Problem to work on >>
All lines below between the line with "Showcasing a brand-new" and the line with "注文を受けてから、若い店主が", including both, must be copied exactly, and the pictures must be omitted.

[[ The input, beginning ]]

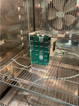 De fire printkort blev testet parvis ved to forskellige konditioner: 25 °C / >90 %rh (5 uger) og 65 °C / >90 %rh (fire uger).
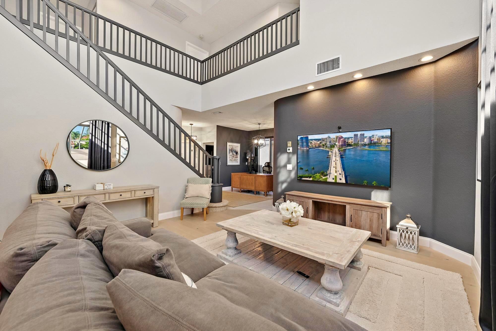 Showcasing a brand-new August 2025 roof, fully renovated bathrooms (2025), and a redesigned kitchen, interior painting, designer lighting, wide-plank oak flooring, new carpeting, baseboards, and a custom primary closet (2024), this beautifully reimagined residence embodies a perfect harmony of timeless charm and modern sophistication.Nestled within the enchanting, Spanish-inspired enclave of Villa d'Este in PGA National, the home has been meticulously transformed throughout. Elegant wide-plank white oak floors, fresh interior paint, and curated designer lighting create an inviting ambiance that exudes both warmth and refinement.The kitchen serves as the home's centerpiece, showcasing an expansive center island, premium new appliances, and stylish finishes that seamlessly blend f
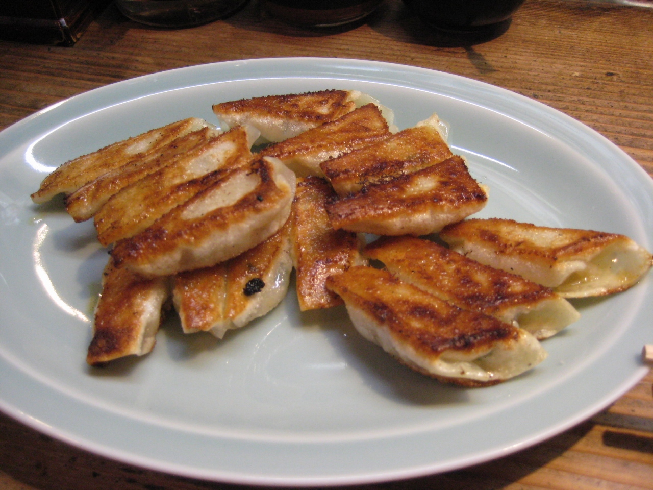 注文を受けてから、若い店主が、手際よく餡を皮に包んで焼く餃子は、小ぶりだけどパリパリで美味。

[[ The input, end ]]
[[ The input, beginning ]]

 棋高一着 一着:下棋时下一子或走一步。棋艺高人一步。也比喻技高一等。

[[ The input, end ]]

Answer to this problem >>
 Showcasing a brand-new August 2025 roof, fully renovated bathrooms (2025), and a redesigned kitchen, interior painting, designer lighting, wide-plank oak flooring, new carpeting, baseboards, and a custom primary closet (2024), this beautifully reimagined residence embodies a perfect harmony of timeless charm and modern sophistication.Nestled within the enchanting, Spanish-inspired enclave of Villa d'Este in PGA National, the home has been meticulously transformed throughout. Elegant wide-plank white oak floors, fresh interior paint, and curated designer lighting create an inviting ambiance that exudes both warmth and refinement.The kitchen serves as the home's centerpiece, showcasing an expansive center island, premium new appliances, and stylish finishes that seamlessly blend f
 注文を受けてから、若い店主が、手際よく餡を皮に包んで焼く餃子は、小ぶりだけどパリパリで美味。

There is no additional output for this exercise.